Monday, August 3, 2015

Delhi Belly: Not for the 40 plus

Response: The much-hyped Aamir Khan Production’s Delhi Belly has been doing well, opening to an average occupancy of 50-70 per cent in multiplexes in cities, and in some high-end cinemas, it even touched 80-85 per cent, piping Amitabh Bachchan-starrer Buddha Hoga Tera Baap substantially even though it is not for the 40 plus man. In single-screen theatres, the occupancy of adult comedy Delhi Belly was a poor 40 per cent.

Delhi Belly has bucked the recent trend with a box office earning of Rs 15.65 crore on its first two days.

Made at a budget of about Rs 25 crore, which includes print and publicity, the Imran Khan-starrer earned about Rs 7 crore on Friday and Rs 8.5 crore on Saturday.

Film type: Comedy

Cast: Imran Khan, Vir Das, Kunaal Roy Kapur, Shehnaz Treasurywala, Poorna Jagannathan and Vijay Raaz

Director: Abhinay Deo

Time of movie: 1 hour 35 minutes

Story: Tashi (played by Imran Khan), Arun (Vir Das) and Nitin (Kunaal Roy Kapur) are friends in Delhi Belly who share the same flat and later become stakeholders in a crime unwittingly. Tashi is set to get married in a month but is still unsure whether he is in love with his fiancée or not.

Arun is sandwiched between his girlfriend (who ultimately leaves him) and his pesky boss, who always tells him to alter his sketches in order to make them perfect.
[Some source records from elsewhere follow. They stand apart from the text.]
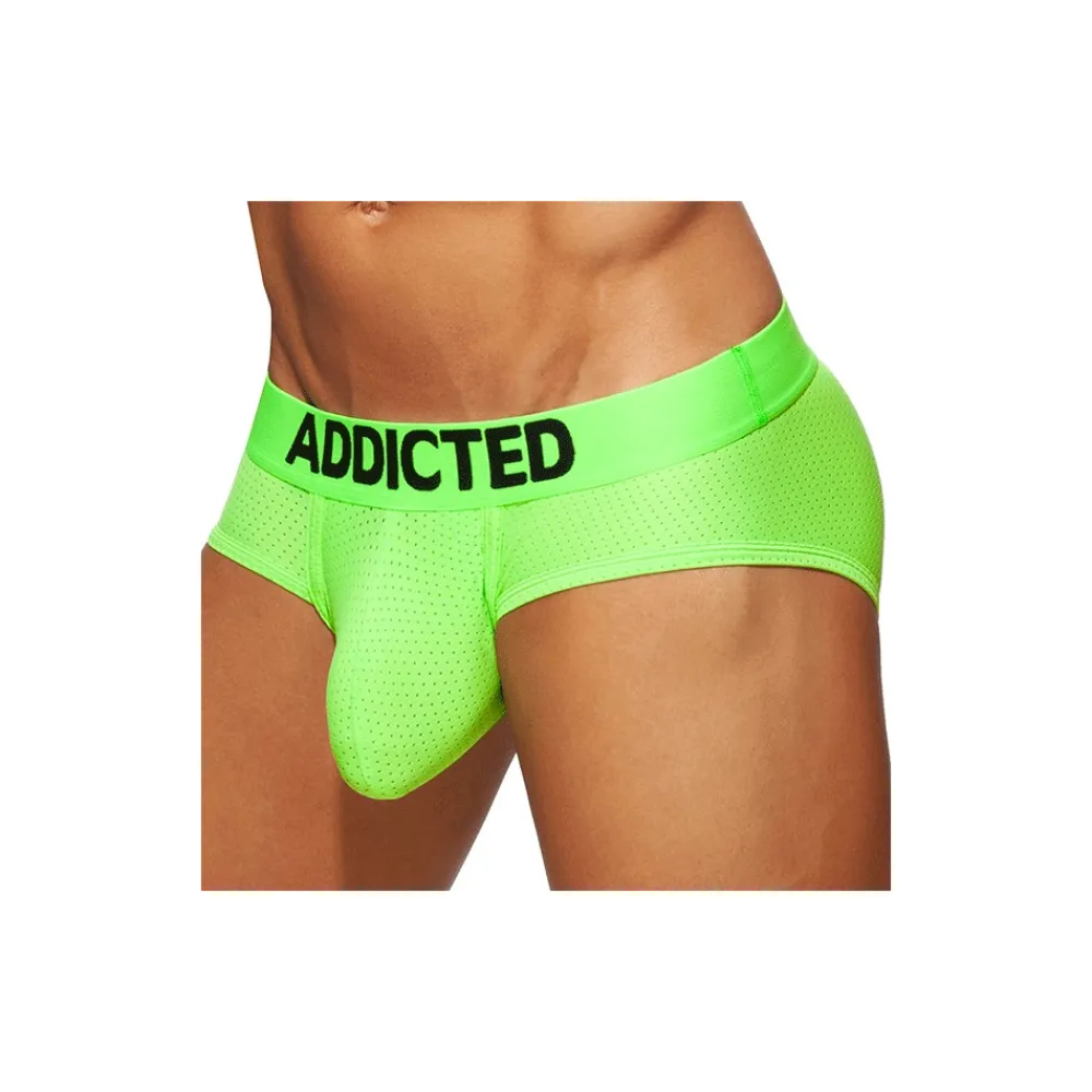 Slip taille basse révolutionnaire en mesh sport, léger et respirant de couleur fluo. Technologie RingUp intégrant un anneau cock ring en silicone (diamètre 5 cm, amovible par bouton pression) pour une érection plus dure et plus longue. Poche frontale push up pour mettre en avant votre masculinité, tout en assurant un maintien très confortable. Ceinture élastique contrastée signée Addicted.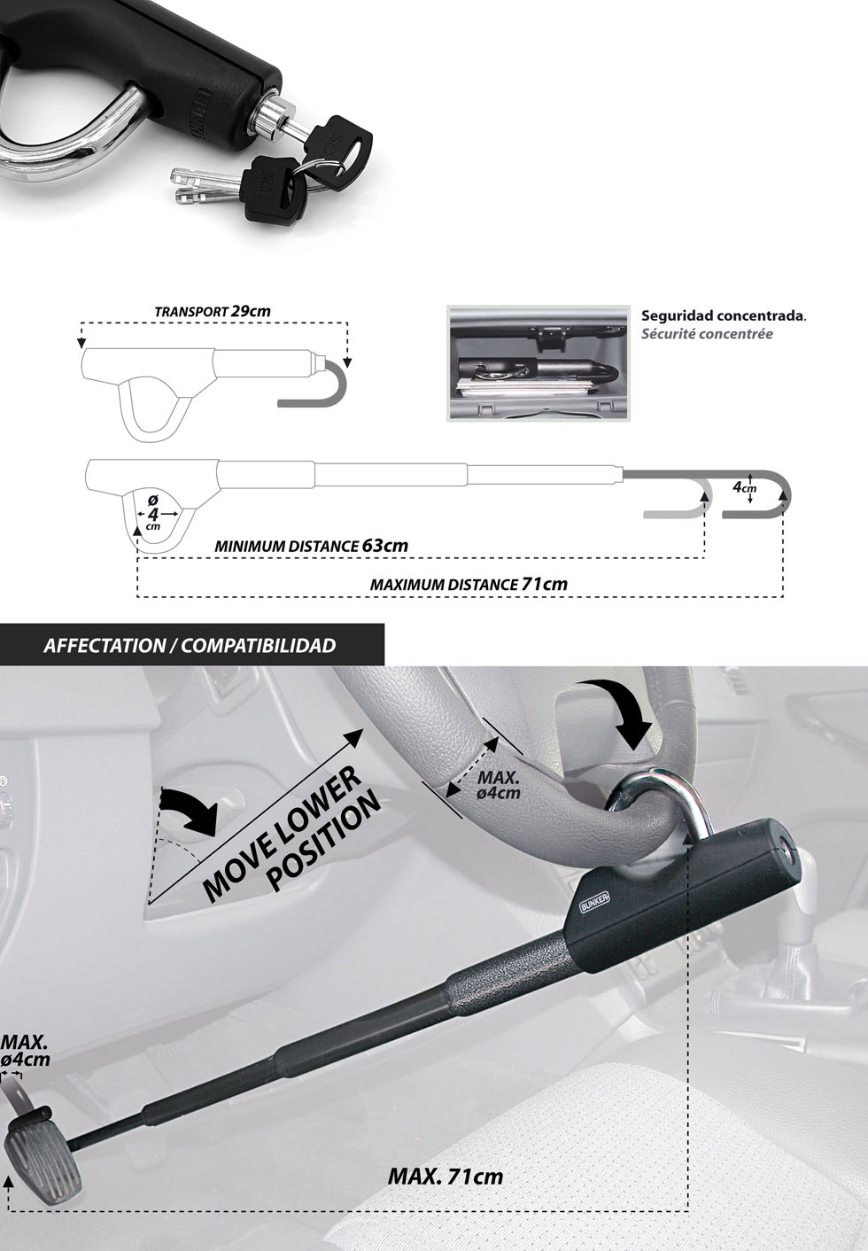 Cerradura anti-ganzúa con disco anti-taladro.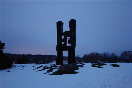 Det är klockstapeln till kapellet på Berthåga kyrkogård. Vid ca 2,5 km på den här turen.

Meanwhile, Nitin discovers that eating delicious tandoori chicken from the street gives him a severe Delhi belly (stomach ache).

The trio finds it is on the hit list of a dreaded gang after a packet of diamonds given to Tashi’s fiancée and delivered by Arun reaches the wrong hands.

The diamonds have to be delivered to a gangster, played by Vijay Raaz, but after he fails to receive the diamonds, he targets the trio, who has no experience to tackle Delhi’s little-known underworld. So, can Tashi and his buddies escape from the clutches of the gangster?

Review: A sensational film by Aamir Khan Productions. Delhi Belly has become immensely popular, at least on the first two days, owing to the ingenious screenplay even though the story is mediocre.

Delhi Belly probably has been one of the few films with a litany of foul language to have been cleared by the film censor board.

While some may argue that the foul language and some nasty scenes such as the gangster dropping feces on a red handkerchief, thinking it to be diamonds, was in bad taste, Delhi Belly has definitely caught on with today’s youth, mainly those from an elite school background.

Basically, to judge how good or bad Delhi Belly is, will depend on which side of the line you’re on. If you can’t digest some crude and dirty humour, you’re probably going to come out disgusted but if you’re typically among the happy-go-lucky types, you will surely be enamoured by the humour.

Delhi Belly is typically not a film for the 40 plus.